Books$title <- c("To kill a mockingbird", "Harry Potter and the order of the phoenix", "Of mice and men (something something)")
Book$year <- c("1960", "2003", "1937")

title                                             year
To kill a mockingbird                             1960
Harry Potter and the order of the phoenix         2003
Of mice and men (something something)             1937
Uwe
  • 41,420
  • 11
  • 90
  • 134
John Doe
  • 13
  • 4
  • You should provide a [reproducible example](https://stackoverflow.com/questions/5963269/how-to-make-a-great-r-reproducible-example) – Vincent Bonhomme Oct 01 '17 at 12:43

3 Answers3

2

We can work around substring the last 6 characters.

First we recreate your data.frame:

df <- read.table(h=T, sep="\n", stringsAsFactors = FALSE,
text="
Title
To kill a mockingbird (1960)
Harry Potter and the order of the phoenix (2003)
Of mice and men (something something) (1937)")

Then we create a new one. The first column, Title is everything from df$Title but the last 7 characters (we also remove the trailing space). The second column, Year is the last 6 characters from df$Title and we remove any space, opening or closing bracket. (gsub("[[:punct:]]", ...) would have worked as well.
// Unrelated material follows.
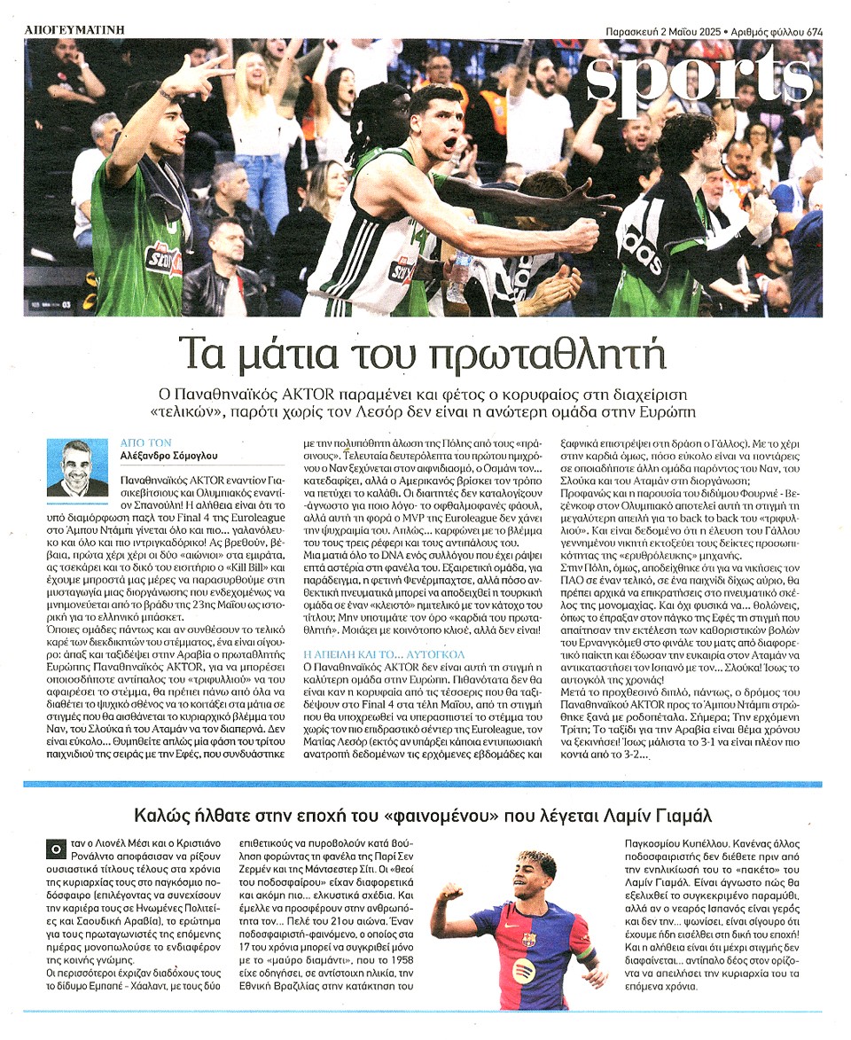 ΑΠΟΓΕΥΜΑΤΙΝΗ - 02 Μαΐου 2025

data.frame(Title=substr(df$Title, 1, nchar(df$Title)-7),
           Year=gsub(" |\\(|\\)", "", substr(df$Title, nchar(df$Title)-6, nchar(df$Title))))
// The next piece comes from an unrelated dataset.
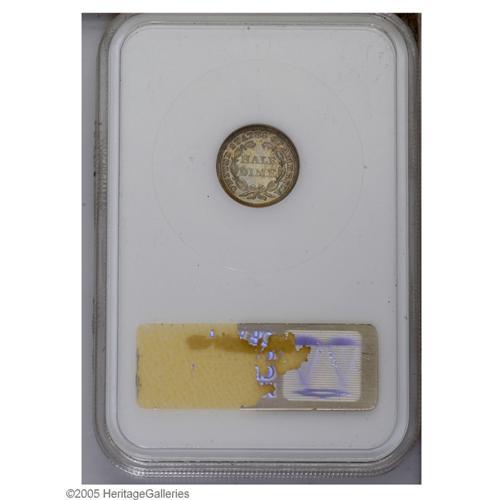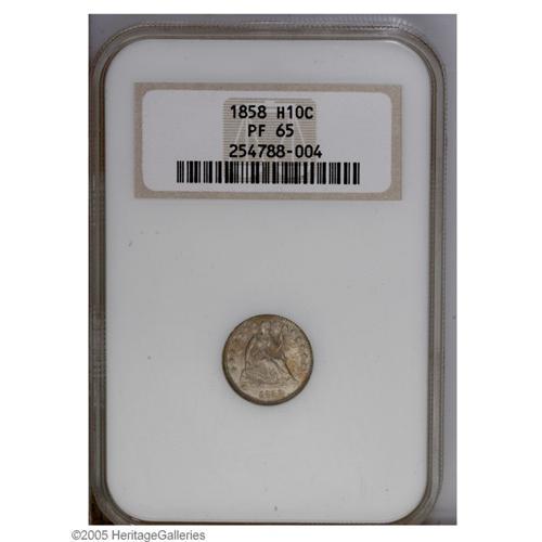 <B>1858<H10C> PR65 NGC.</B></I> Crisply struck with pleasing reflectivity in the fields, and attractive original toning that includes a mixture of terra cotta, sea-green, and golden coloration. A squiggly lint mark (as struck) rests on the upper reverse field, above the L in HALF, but the proof surfaces seem undisturbed by any post-striking anomalies. Only an estimated 80 proofs were produced in 1858, which was the first year that the Mint stepped up the number of proofs coined to meet the demand from the general collecting public. Population: 17 in 65, 13 finer (10/05).

                                      Title Year
1                     To kill a mockingbird 1960
2 Harry Potter and the order of the phoenix 2003
3     Of mice and men (something something) 1937

Does that solve your problem?

Vincent Bonhomme
  • 7,235
  • 2
  • 27
  • 38
1

try to use substrRight(df$Title, 6) in a loop to extract last 6 characters so the year with brackets and save it as new column

Extracting the last n characters from a string in R

0

Similar to @Vincent Bonhomme:

I assumue that the data are in some text file that I have called so.dat from where I read the data into a data.frame that also contains two columns for the title and year to be extracted. Then I use substr() to separate title from the fixed length year at the end, leaving the () alone as the OP apparently wants them:

titles      <- data.frame( orig = readLines( "so.dat" ), 
               text = "", yr = "", stringsAsFactors = FALSE )
titles$text <- substring( titles[ , 1 ], 
               1, nchar( titles[ , 1 ] ) - 7 )
titles$yr   <- substring( titles[ , 1 ], 
               nchar( titles[ , 1 ] ) - 5, nchar( titles[ , 1 ] ) )

The original data can be removed or not, dpending upon further need.

vaettchen
  • 7,299
  • 22
  • 41